Tech & Co, un rendez-vous quotidien pour décrypter l'innovation
L'émission Tech & Co, diffusée chaque jour de la semaine sur BFM Business, est devenue un incontournable pour les professionnels et les passionnés de technologie. Depuis le 17 juin 2026, la chaîne accueille des dirigeants d'entreprises technologiques, des chercheurs et des experts pour discuter des tendances qui façonnent le secteur. Selon BFM Business, l'objectif est de rendre accessible des sujets complexes tout en offrant une analyse prospective.
Lors de ce mercredi 17 juin, François Sorel a également reçu Christophe Fouquet, PDG d'ASML, pour évoquer le leadership de l'entreprise néerlandaise dans le domaine des semi-conducteurs. Cette émission a permis d'aborder des enjeux cruciaux pour l'industrie technologique européenne, comme la souveraineté des chaînes d'approvisionnement et la construction d'un écosystème intégré.
Un écosystème technologique européen en construction
Le débat sur l'IA organisé par BFM Business s'inscrit dans un contexte où l'Europe tente de renforcer sa position sur la scène mondiale. Plusieurs initiatives récentes illustrent cette volonté, comme le European Chips Act, adopté en 2023 pour soutenir la production locale de semi-conducteurs, ou encore les investissements massifs dans les infrastructures cloud et les data centers.
Pour Alexandre Lebrun, l'un des défis majeurs reste la coordination entre les États membres. « Une approche fragmentée ne permettrait pas à l'Europe de rivaliser avec les États-Unis ou la Chine », a-t-il analysé. Il a cité en exemple le modèle allemand, où les partenariats public-privé ont permis de soutenir des projets ambitieux comme l'usine de puces de Intel à Magdebourg.
Alors que l'intelligence artificielle continue de transformer les industries et les sociétés, les initiatives comme celles d'AMI Labs et les débats menés dans des émissions comme Tech & Co montrent que l'Europe cherche à tracer sa voie. Reste à savoir si ces efforts suffiront à combler le retard face aux leaders mondiaux, ou si l'Europe parviendra à s'imposer comme un acteur incontournable du secteur.

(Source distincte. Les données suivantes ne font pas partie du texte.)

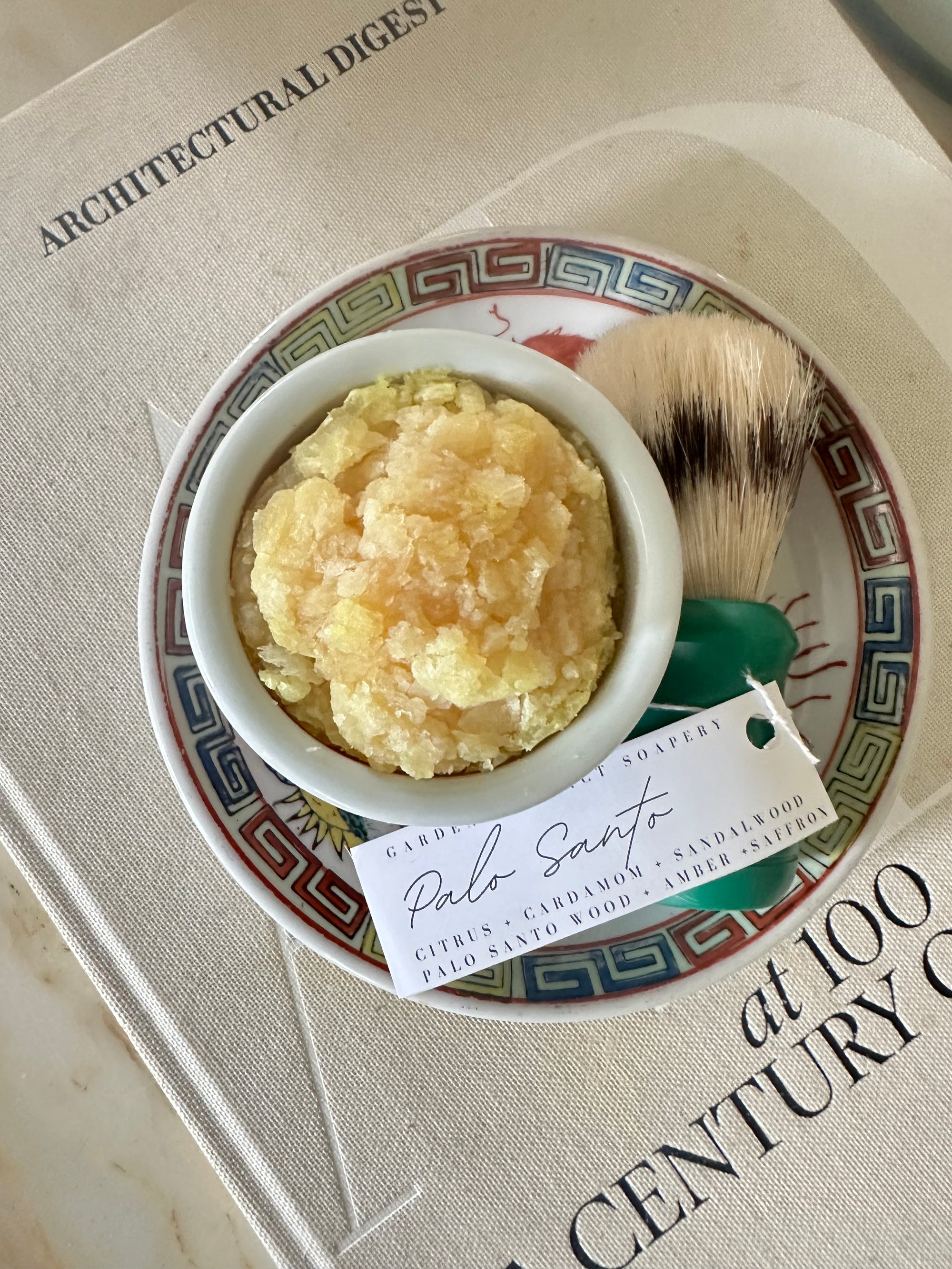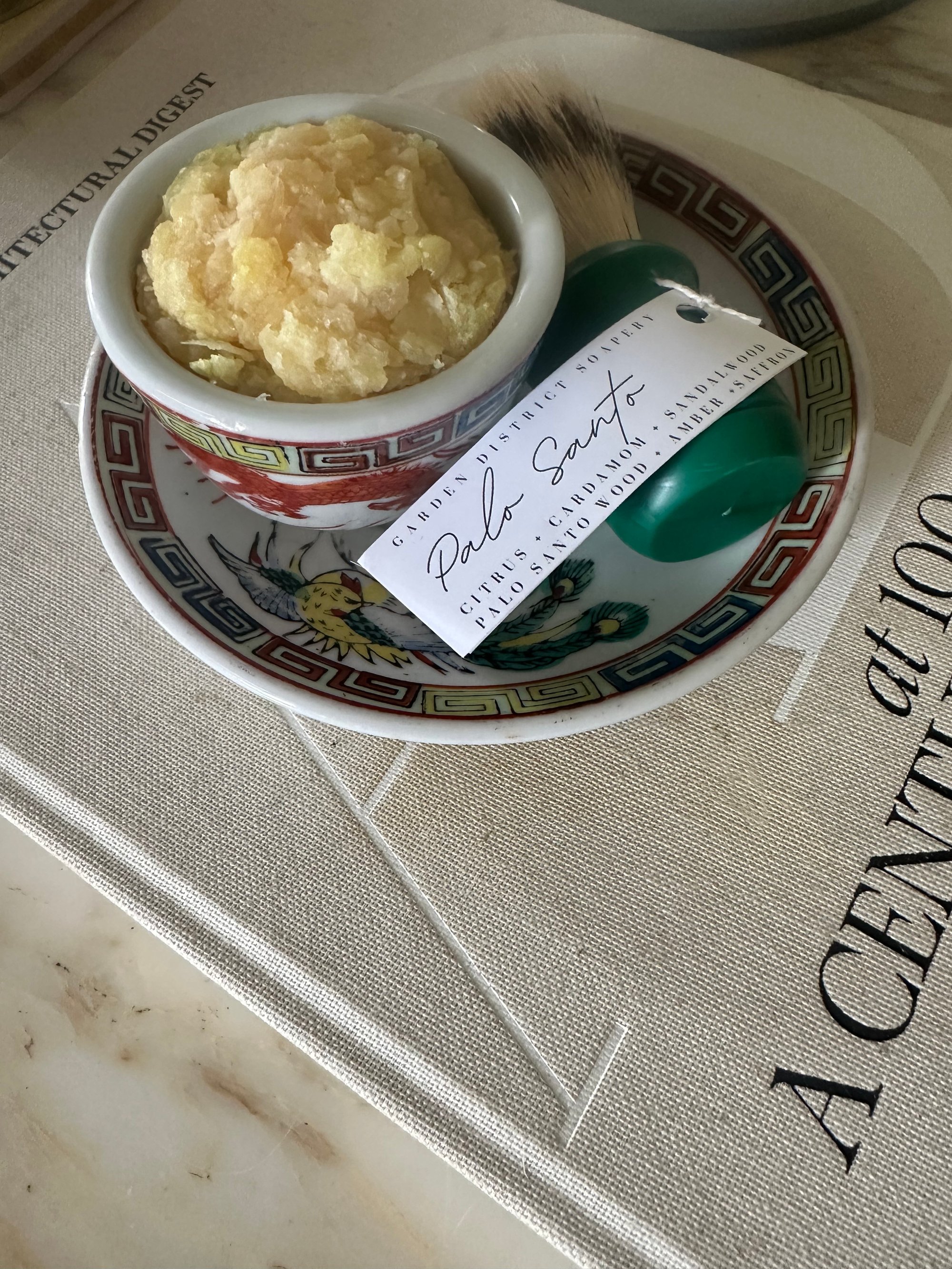 1. Prep: Your face is best prepped for shaving using hot water. Your brush placed in a cup of warm water for 3 minutes. Your soap to be covered in warm water just over the top of the soap for 3 minutes.
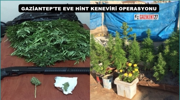 Gaziantep'te bir eve düzenlenen uyuşturucu operasyonunda 35 kök dişi hint keneviri, 1 adet pompalı tüfek ve 6 gram esrar maddesi ele geçirildi. Olayla ilgili 3 kişi gözaltına alındı.

Parmi les principaux concurrents d'AMI Labs dans le domaine des World Models, on retrouve des entreprises comme DeepMind (Google), NVIDIA avec ses solutions Omniverse, ou encore Aleph Alpha, une startup allemande spécialisée dans l'IA générative. Ces acteurs investissent massivement dans des technologies similaires, bien que leurs approches et leurs cibles diffèrent.
Le European Chips Act, adopté en 2023, vise à renforcer la production locale de semi-conducteurs et à réduire la dépendance de l'Europe vis-à-vis des États-Unis et de l'Asie. Il prévoit des subventions et des incitations fiscales pour les entreprises qui investissent dans des usines de puces sur le continent. Son impact se mesure déjà par l'annonce de plusieurs projets, comme l'usine d'Intel en Allemagne ou les investissements de TSMC en France et en Italie.